__Description of the task__
Restate, in full and unchanged, the entries that follow, but not their pictures.

── Material provided

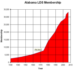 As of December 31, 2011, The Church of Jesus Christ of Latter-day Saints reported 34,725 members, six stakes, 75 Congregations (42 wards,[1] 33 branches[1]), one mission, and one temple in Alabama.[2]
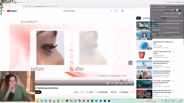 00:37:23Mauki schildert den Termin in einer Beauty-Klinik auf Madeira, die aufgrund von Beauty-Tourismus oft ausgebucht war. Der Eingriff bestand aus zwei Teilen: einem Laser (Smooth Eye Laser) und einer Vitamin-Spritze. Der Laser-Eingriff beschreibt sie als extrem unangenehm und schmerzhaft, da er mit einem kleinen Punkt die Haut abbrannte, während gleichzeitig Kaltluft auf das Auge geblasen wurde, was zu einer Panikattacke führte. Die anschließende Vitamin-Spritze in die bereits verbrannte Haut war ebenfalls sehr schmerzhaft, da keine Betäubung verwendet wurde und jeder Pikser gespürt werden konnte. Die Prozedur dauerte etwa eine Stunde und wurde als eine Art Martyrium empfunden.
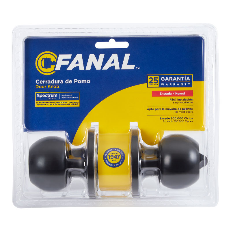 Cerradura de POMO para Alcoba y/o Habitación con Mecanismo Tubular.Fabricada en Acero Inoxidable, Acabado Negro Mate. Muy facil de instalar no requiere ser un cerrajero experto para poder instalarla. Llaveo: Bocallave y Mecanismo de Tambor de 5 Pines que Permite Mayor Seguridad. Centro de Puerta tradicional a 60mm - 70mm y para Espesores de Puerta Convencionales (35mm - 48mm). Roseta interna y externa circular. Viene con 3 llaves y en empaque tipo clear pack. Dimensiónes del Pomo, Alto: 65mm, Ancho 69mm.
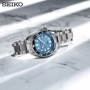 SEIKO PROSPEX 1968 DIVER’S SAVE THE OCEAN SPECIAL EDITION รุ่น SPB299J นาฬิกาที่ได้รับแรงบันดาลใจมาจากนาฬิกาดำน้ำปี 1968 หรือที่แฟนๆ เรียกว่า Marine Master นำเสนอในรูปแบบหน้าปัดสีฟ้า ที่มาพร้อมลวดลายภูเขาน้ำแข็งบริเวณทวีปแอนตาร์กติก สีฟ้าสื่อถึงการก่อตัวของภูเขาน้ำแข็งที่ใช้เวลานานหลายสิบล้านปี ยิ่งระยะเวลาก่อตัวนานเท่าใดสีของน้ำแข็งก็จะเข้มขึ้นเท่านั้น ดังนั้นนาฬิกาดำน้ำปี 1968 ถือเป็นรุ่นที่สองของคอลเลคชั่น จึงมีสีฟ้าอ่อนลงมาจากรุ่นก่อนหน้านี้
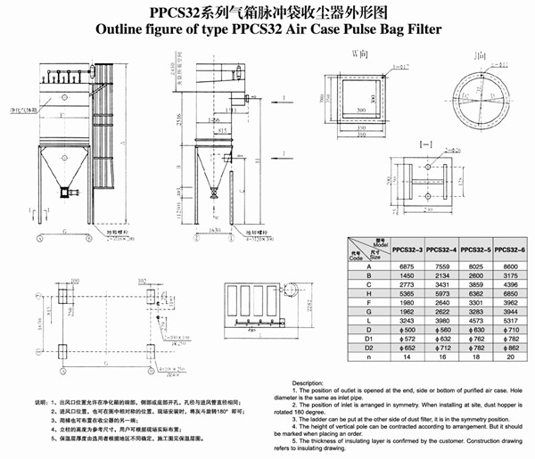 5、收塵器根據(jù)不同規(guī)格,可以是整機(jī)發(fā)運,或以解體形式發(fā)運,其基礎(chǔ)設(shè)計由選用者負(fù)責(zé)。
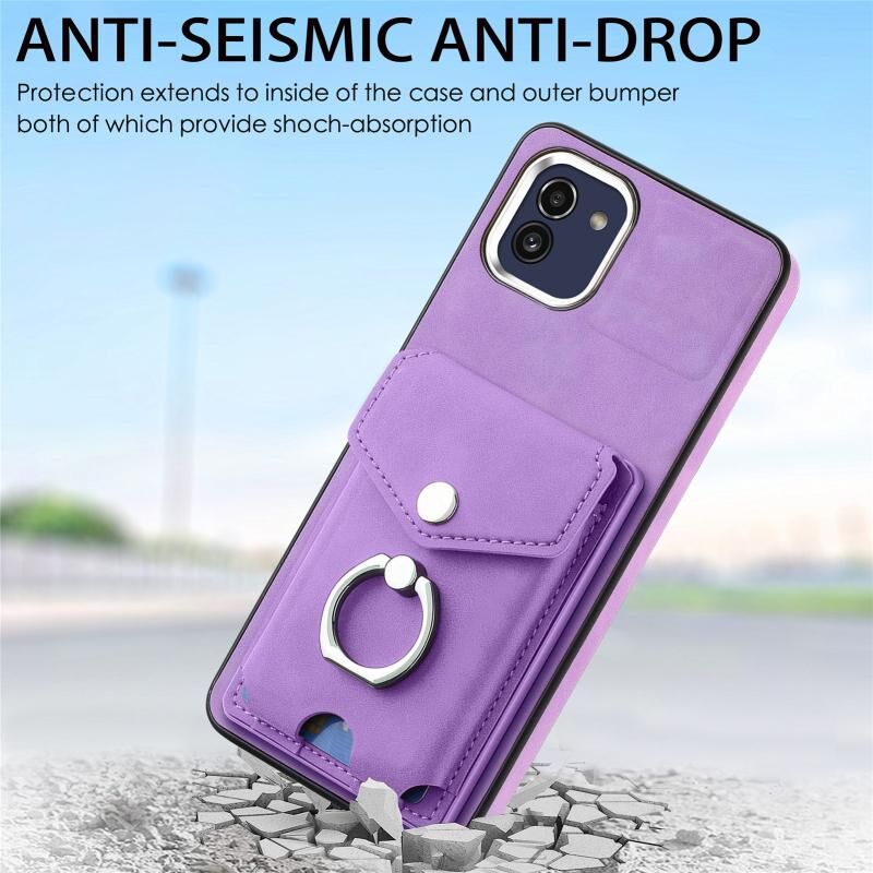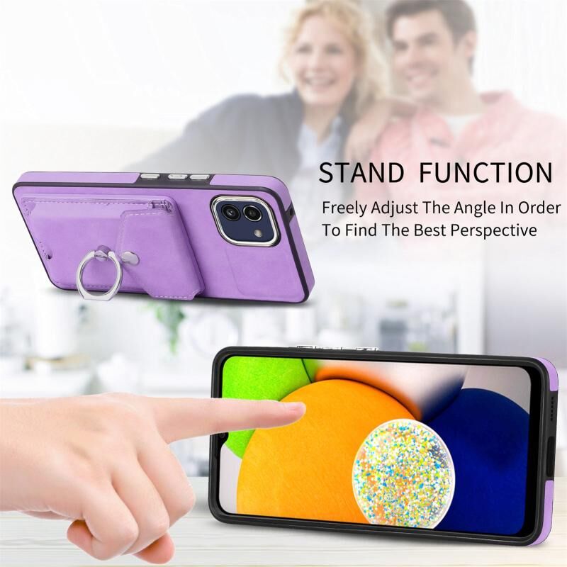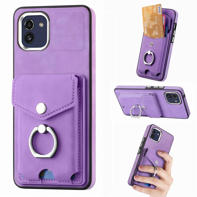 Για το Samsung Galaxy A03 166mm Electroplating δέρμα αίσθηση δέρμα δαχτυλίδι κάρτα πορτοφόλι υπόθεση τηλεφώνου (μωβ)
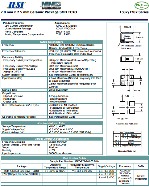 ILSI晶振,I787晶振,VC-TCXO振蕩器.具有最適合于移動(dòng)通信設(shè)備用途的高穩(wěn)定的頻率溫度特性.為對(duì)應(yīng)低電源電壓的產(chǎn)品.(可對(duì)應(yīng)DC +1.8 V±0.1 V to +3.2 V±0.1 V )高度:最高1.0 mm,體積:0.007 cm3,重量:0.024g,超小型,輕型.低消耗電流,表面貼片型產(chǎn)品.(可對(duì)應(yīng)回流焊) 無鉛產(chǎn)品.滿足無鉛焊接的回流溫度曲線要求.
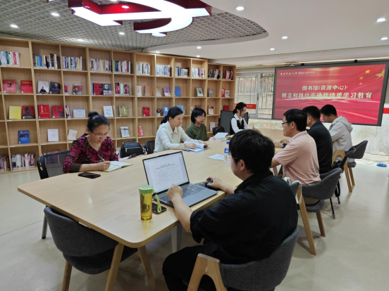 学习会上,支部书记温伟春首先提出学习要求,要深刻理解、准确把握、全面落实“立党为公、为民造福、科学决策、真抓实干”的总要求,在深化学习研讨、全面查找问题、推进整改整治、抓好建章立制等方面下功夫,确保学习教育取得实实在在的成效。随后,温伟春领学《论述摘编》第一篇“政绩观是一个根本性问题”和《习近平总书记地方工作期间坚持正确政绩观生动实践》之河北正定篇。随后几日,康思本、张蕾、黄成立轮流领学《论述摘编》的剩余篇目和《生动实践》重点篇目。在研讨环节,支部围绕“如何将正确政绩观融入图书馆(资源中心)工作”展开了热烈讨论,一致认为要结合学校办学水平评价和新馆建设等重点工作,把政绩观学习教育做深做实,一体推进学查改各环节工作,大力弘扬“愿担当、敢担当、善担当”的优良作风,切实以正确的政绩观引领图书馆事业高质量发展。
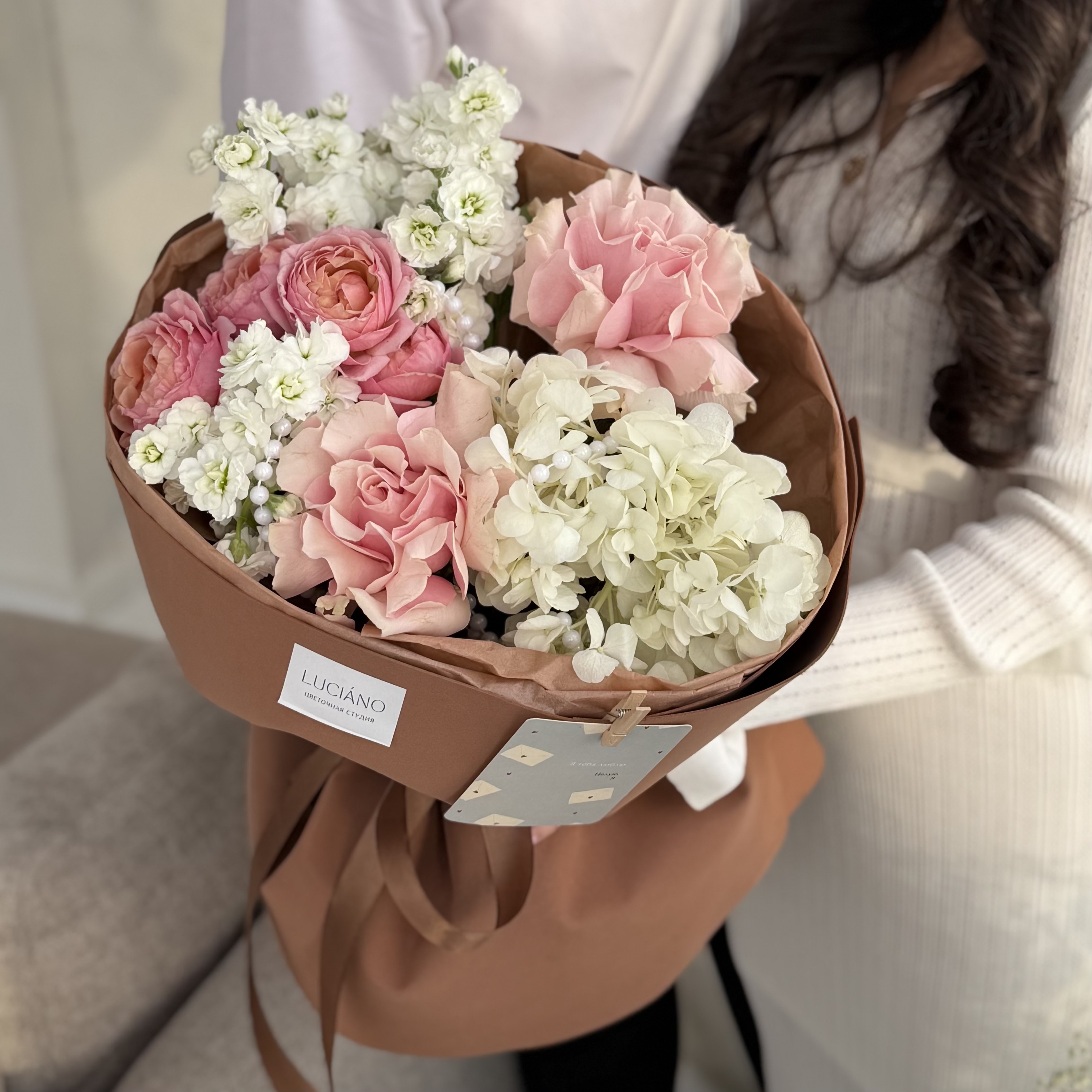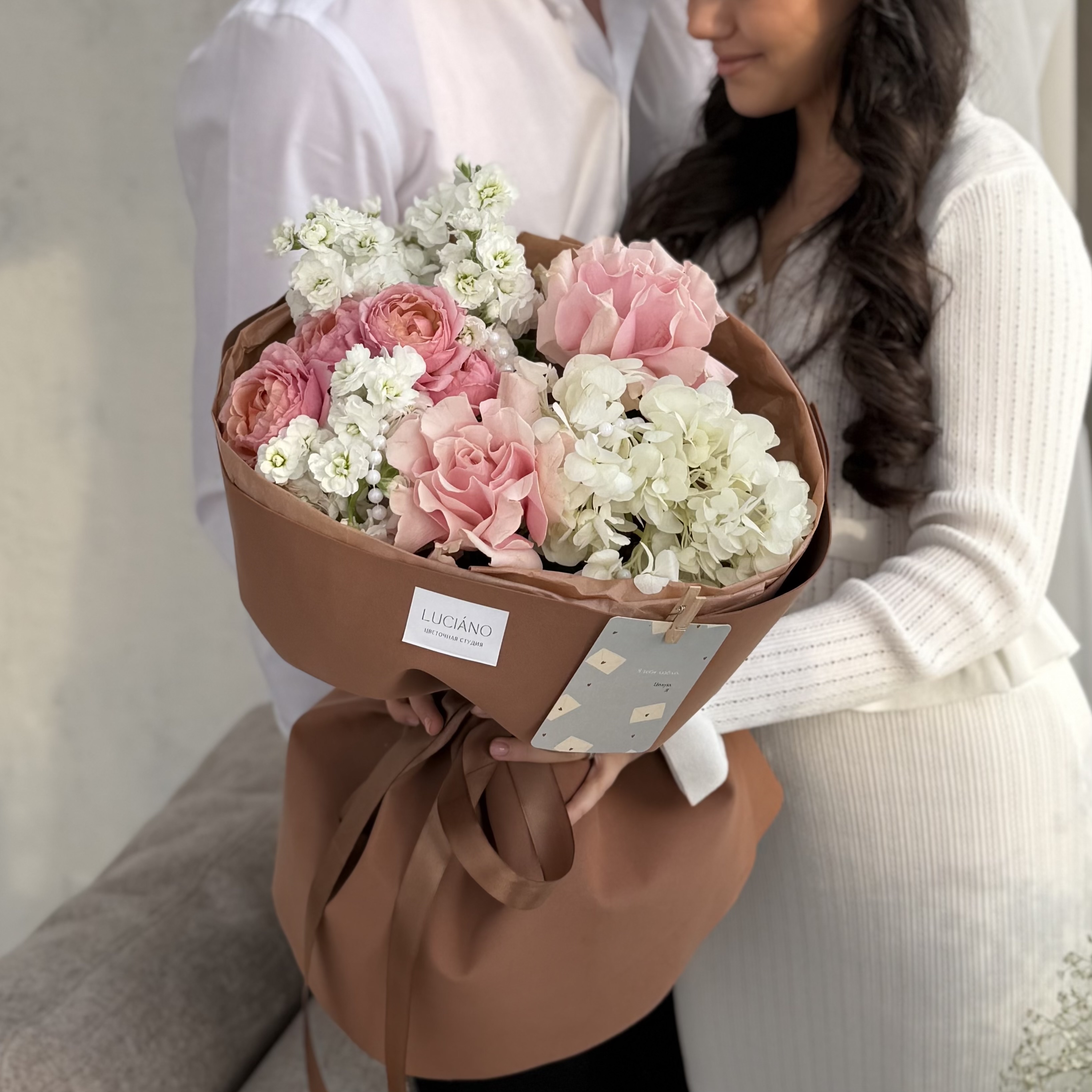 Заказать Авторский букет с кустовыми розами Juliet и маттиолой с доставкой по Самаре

────

__Exercise output__
 As of December 31, 2011, The Church of Jesus Christ of Latter-day Saints reported 34,725 members, six stakes, 75 Congregations (42 wards,[1] 33 branches[1]), one mission, and one temple in Alabama.[2]
 00:37:23Mauki schildert den Termin in einer Beauty-Klinik auf Madeira, die aufgrund von Beauty-Tourismus oft ausgebucht war. Der Eingriff bestand aus zwei Teilen: einem Laser (Smooth Eye Laser) und einer Vitamin-Spritze. Der Laser-Eingriff beschreibt sie als extrem unangenehm und schmerzhaft, da er mit einem kleinen Punkt die Haut abbrannte, während gleichzeitig Kaltluft auf das Auge geblasen wurde, was zu einer Panikattacke führte. Die anschließende Vitamin-Spritze in die bereits verbrannte Haut war ebenfalls sehr schmerzhaft, da keine Betäubung verwendet wurde und jeder Pikser gespürt werden konnte. Die Prozedur dauerte etwa eine Stunde und wurde als eine Art Martyrium empfunden.
 Cerradura de POMO para Alcoba y/o Habitación con Mecanismo Tubular.Fabricada en Acero Inoxidable, Acabado Negro Mate. Muy facil de instalar no requiere ser un cerrajero experto para poder instalarla. Llaveo: Bocallave y Mecanismo de Tambor de 5 Pines que Permite Mayor Seguridad. Centro de Puerta tradicional a 60mm - 70mm y para Espesores de Puerta Convencionales (35mm - 48mm). Roseta interna y externa circular. Viene con 3 llaves y en empaque tipo clear pack. Dimensiónes del Pomo, Alto: 65mm, Ancho 69mm.
 SEIKO PROSPEX 1968 DIVER’S SAVE THE OCEAN SPECIAL EDITION รุ่น SPB299J นาฬิกาที่ได้รับแรงบันดาลใจมาจากนาฬิกาดำน้ำปี 1968 หรือที่แฟนๆ เรียกว่า Marine Master นำเสนอในรูปแบบหน้าปัดสีฟ้า ที่มาพร้อมลวดลายภูเขาน้ำแข็งบริเวณทวีปแอนตาร์กติก สีฟ้าสื่อถึงการก่อตัวของภูเขาน้ำแข็งที่ใช้เวลานานหลายสิบล้านปี ยิ่งระยะเวลาก่อตัวนานเท่าใดสีของน้ำแข็งก็จะเข้มขึ้นเท่านั้น ดังนั้นนาฬิกาดำน้ำปี 1968 ถือเป็นรุ่นที่สองของคอลเลคชั่น จึงมีสีฟ้าอ่อนลงมาจากรุ่นก่อนหน้านี้
 5、收塵器根據(jù)不同規(guī)格,可以是整機(jī)發(fā)運,或以解體形式發(fā)運,其基礎(chǔ)設(shè)計由選用者負(fù)責(zé)。
 Για το Samsung Galaxy A03 166mm Electroplating δέρμα αίσθηση δέρμα δαχτυλίδι κάρτα πορτοφόλι υπόθεση τηλεφώνου (μωβ)
 ILSI晶振,I787晶振,VC-TCXO振蕩器.具有最適合于移動(dòng)通信設(shè)備用途的高穩(wěn)定的頻率溫度特性.為對(duì)應(yīng)低電源電壓的產(chǎn)品.(可對(duì)應(yīng)DC +1.8 V±0.1 V to +3.2 V±0.1 V )高度:最高1.0 mm,體積:0.007 cm3,重量:0.024g,超小型,輕型.低消耗電流,表面貼片型產(chǎn)品.(可對(duì)應(yīng)回流焊) 無鉛產(chǎn)品.滿足無鉛焊接的回流溫度曲線要求.
 学习会上,支部书记温伟春首先提出学习要求,要深刻理解、准确把握、全面落实“立党为公、为民造福、科学决策、真抓实干”的总要求,在深化学习研讨、全面查找问题、推进整改整治、抓好建章立制等方面下功夫,确保学习教育取得实实在在的成效。随后,温伟春领学《论述摘编》第一篇“政绩观是一个根本性问题”和《习近平总书记地方工作期间坚持正确政绩观生动实践》之河北正定篇。随后几日,康思本、张蕾、黄成立轮流领学《论述摘编》的剩余篇目和《生动实践》重点篇目。在研讨环节,支部围绕“如何将正确政绩观融入图书馆(资源中心)工作”展开了热烈讨论,一致认为要结合学校办学水平评价和新馆建设等重点工作,把政绩观学习教育做深做实,一体推进学查改各环节工作,大力弘扬“愿担当、敢担当、善担当”的优良作风,切实以正确的政绩观引领图书馆事业高质量发展。
 Заказать Авторский букет с кустовыми розами Juliet и маттиолой с доставкой по Самаре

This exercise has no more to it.